A mãe lê em voz alta as palavras que estavam gravadas na camiseta amarela: “Dizem que o álcool mata lentamente. Ainda bem que eu não tenho pressa para morrer.”

– E desde quando você bebe, menino?

– Ah para, mãe! Eu já estou no primeiro ano do Ensino Médio.

– E já era para estar no segundo se não tivesse reprovado ano passado.

– Ah, mas eu já te falei que a culpa não foi minha. Aquele professor de Química ficou de marcação comigo.

– Ele corrigiu sua prova errado?

– Não.

– Sua prova era diferente do restante da turma?

– Também não.

-Ah tá… Então não diga que a culpa foi do seu professor! Agora explique melhor essa história de bebida.

– Mês passado, teve um dia que eu saí mais cedo da escola, então fui com os meninos para a casa do Peteca e tomamos uma caixinha de cerveja.

– Na casa de quem?

– Do Bruno, mãe. Aquele menino do terceiro ano que eu te falei que tem um carro todo tunado, lembra? É que a gente chama ele de Peteca por causa do cabelo dele.

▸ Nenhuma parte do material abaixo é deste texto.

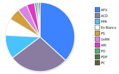 - Columna Porcentaje sobre Válidos no toma en cuenta los votos en blanco ni nulos (usado para D'Hondt de corresponder).

– Ah… E onde vocês compraram cerveja?

– Aqui no mercado, ué. A gente juntou dinheiro e o Bruno comprou cerveja e gelo.

– Gelo? Para que vocês compraram gelo?

– Aqui não vende cerveja gelada, aí o Peteca disse que a que cerveja quente dava dor de barriga.

Segurando o riso e para não demonstrar o quanto estava se divertindo com aquela situação, a mãe manteve os olhos focados na etiqueta da calça que segurava com a mão direita.

– E você ficou bêbado?

– Nossa mãe, você precisava ter visto. Foi muito massa. Todo mundo ficou bêbado! Tinha gente chorando, rindo, se declarando para o outro… Uma loucura só.

– E quantas latinhas você tomou?

– Então, a gente teve que dividir pra todo mundo, né? Aí acho que deu uns dois copos cheios pra cada um!

– Seu pai sabe do seu alcoolismo?

– O que isso, mãe? Eu só bebo com responsabilidade.

Novamente a mãe se segura o riso, achando hilário o tom sério na fala de seu filho.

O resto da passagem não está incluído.